我有一个启动多个进程的主文件，其中一个进程再次启动多个进程。我在启动嵌套进程集时遇到问题。

我在一个文件中有以下代码：

# parallel_test.py
import Queue
import multiprocessing
import time
import threading


def worker(q):
    while not q.empty():
        try:
            row = q.get(False)
            print row

            time.sleep(1)

        except Queue.Empty:
            break


def main():
    print 'creating queue'
    q = multiprocessing.Queue()

    print 'enqueuing'
    for i in range(100):
        q.put(i)

    num_processes = 15
    pool = []

    for i in range(num_processes):
        print 'launching process {0}'.format(i)
        p = multiprocessing.Process(target=worker, args=(q,))
        p.start()
        pool.append(p)

    for p in pool:
        p.join()

if __name__ == '__main__':
    main()

运行这个文件单独 python parallel_test.py 工作正常并按预期打印数字。但是从另一个文件作为另一个进程启动它会导致问题。
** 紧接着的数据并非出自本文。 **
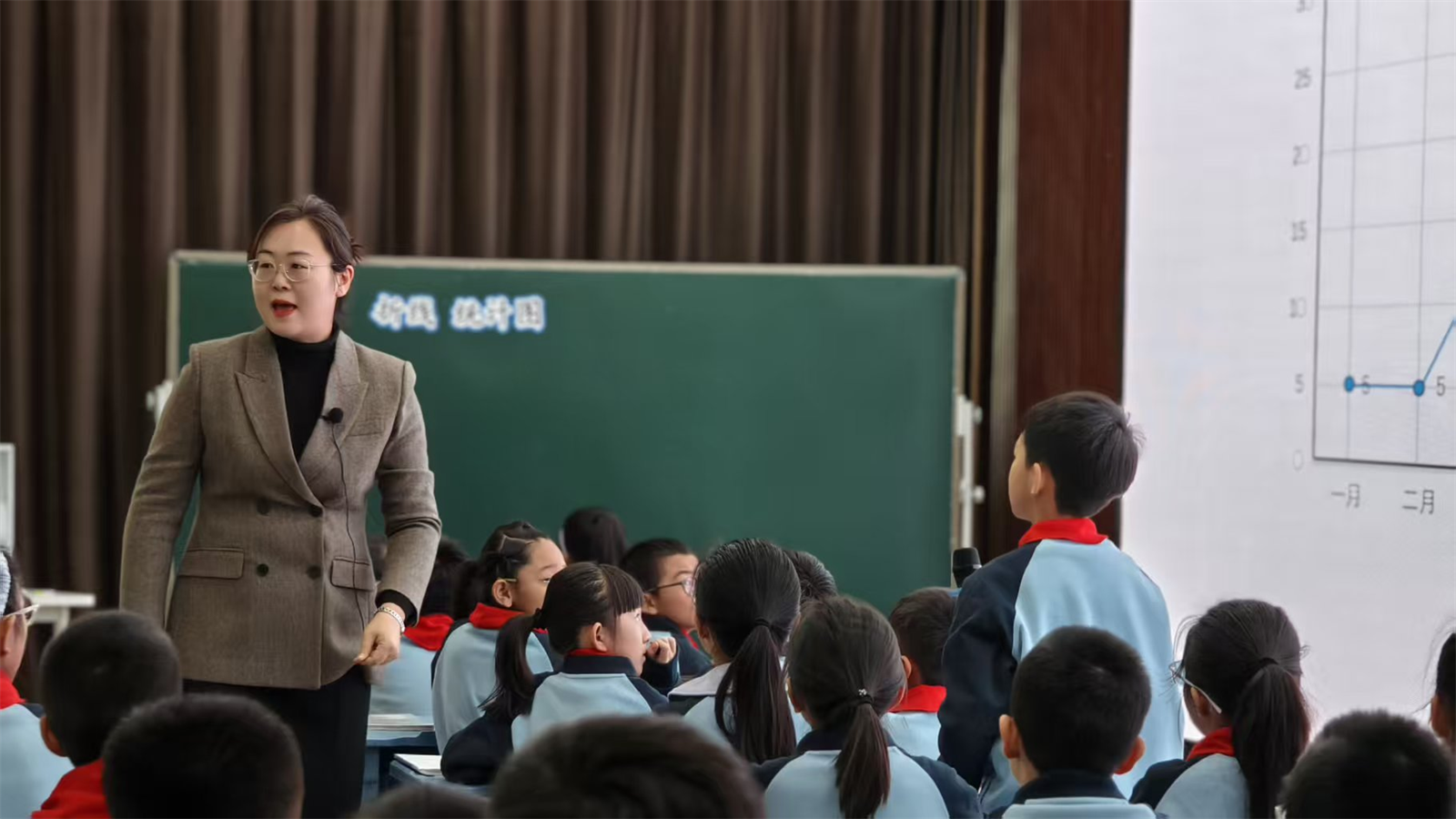 四节核心课例则构成了活动的实践根基,生动诠释了“先见林、再见树”的教学路径。从天昱小学张艺校长以城乡人口变化为情境,引导学生触摸统计解决问题的整体逻辑后再完善复式条形统计图的规范;到天昱小学于婷婷老师依托气温数据,让学生在感知动态变化规律的基础上生成折线统计图的技能;从尚德小学戴杨杨老师以比赛争议破解平均数的机械计算困境,将知识锚定在生活应用的土壤中;到吴正宪名师工作室核心成员、来自北京的专家张秋爽老师以大单元视角,串联起平均数“需求—理解—应用”的完整链条,每一节课都遵循“先把握核心本质,再落实具体技能”的原则,让学生在解决真实问题的过程中,完成从“知其然”到“知其所以然”再到“知其所用”的认知进阶。

我的主文件：

# main_loop_test.py
import parallel_test
from multiprocessing import Pool
import time


def main():
    targets = [parallel_test.main]

    running = True

    while running:
        try:
            p = Pool(12)

            for target in targets:
                p.apply_async(target)

            p.close()  # For some reason you need to run close() before join()
            p.join()  # What for all the steps to be done

            print 'All steps done'

            time.sleep(2)

        except KeyboardInterrupt as e:
            print "<<<<<<<<<<<<<<<<<<CAUGHT KEYBOARD INTERRUPT FROM USER>>>>>>>>>>>>>>>>>>>"
            running = False


if __name__ == '__main__':
    main()

它 parallel_test.py 似乎尝试启动一个进程（什么都不做）然后退出该函数并 main_loop_test.py 打印 'All steps done'。没有数字被打印出来。输出：

creating queue
enqueuing
launching process 0
All steps done
creating queue
enqueuing
launching process 0
All steps done

怎么了？我使用 Pool 遇到了同样的问题，而不是在 parallel_test.py 中自己管理流程。不过，用线程替换多处理是可行的。

Answer 1

当您从另一个程序将它作为子进程调用时，您无法从 parallel_test 创建子进程，因为该进程被创建为守护进程，并且如 link https://docs.python.org/2/library/multiprocessing.html ，守护进程不允许创建子进程。您必须通过将进程的守护进程属性设置为 false 来将进程创建为非守护进程，如下所示。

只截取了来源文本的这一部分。